Using this utility, a search can be done to match secondary structures in a test structure to known references. The reference database used is $HYD_LIB/motif.geo. The Auto Database Search can also be used in non-graphical QUANTA in a batch file.

There can be only one molecule active when using this module. If there is more than one active molecule when the module is entered then all but the first are made inactive. Additional structures can be appended to the database.

The motif database can be used in two ways:

Finding a match with a specific structure

Running an automatic search against all the entries

An automatic database search generates a log file that can be browsed for the results of the database scan.

Initially all secondary structure elements are active and the vectors are displayed with fat lines. Selecting elements switches them off and on. When this option is selected, the Pick Element tool is selected by default and the other tools are ungrayed. When this option is selected again all the tools are switched off and grayed.

This option is grayed until the Change Activity option is selected. It allows you to deselect any secondary structure element of the active structure. The tool is switched off when either the Pick Element Range, Pick Domain, or Change Active is selected.

This option is grayed until the Change Activity option is selected. It allows you to pick a range between two secondary structure elements and deselect all the elements within the range. If there is some conflict, for example if not all elements in the range are the same state, you are prompted with a dialog box to further specify conditions. The tool is switched off when either the Pick Element, Pick Domain or Change Active is selected.

This option is grayed until the Change Activity option is selected. It allows you to deselect any defined domain. The tool is switched off when either the Pick Element, Pick Element Range or Change Active is selected.

If no database file has been selected, this option opens the File Librarian, from which a database file may be chosen. Once a database has been selected, you are presented with a scrolling list of all structures in the database from which to choose.
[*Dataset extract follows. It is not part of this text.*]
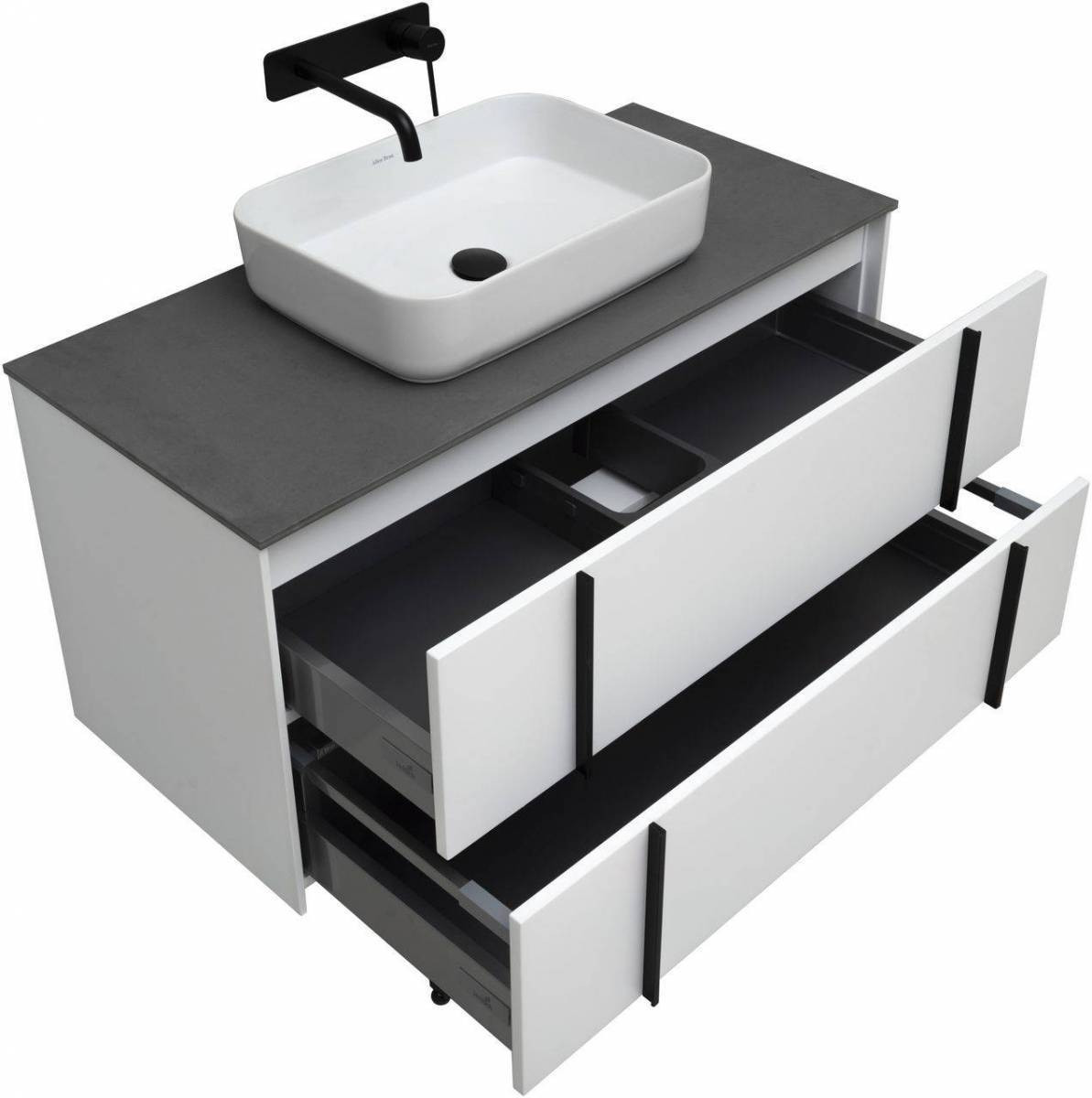 Тумбы оснащены специальной пластиковой рамой, которая надежно защищает вырез под сифон, служит органайзером и позволяет закрепить дополнительный набор контейнеров для хранения.

The selected structure is then tested against the reference motif defined by the secondary structure elements in the active molecule. Vectors are drawn representing the secondary structures of all the matches superposed on the reference motif. The browsing tools are ungrayed.

If no database file is open, this tool prompts you to select one and enter the name of a log file. Every structure in the database is searched for the reference motif defined by the currently active secondary structure elements. Depending on the size of the database, this computation may take considerable time. As each structure is searched in the database, its name is listed below the command line. The final results are listed to the textport and a log file in the same format as the tables.

This option reads the logfile created by the Auto Database Search tool. It displays the information about the motif searches for the reference molecule, and displays the possible available overlays after a search is done. There are two tables displayed, Overlay Motif and Secondary Structure Elements tables.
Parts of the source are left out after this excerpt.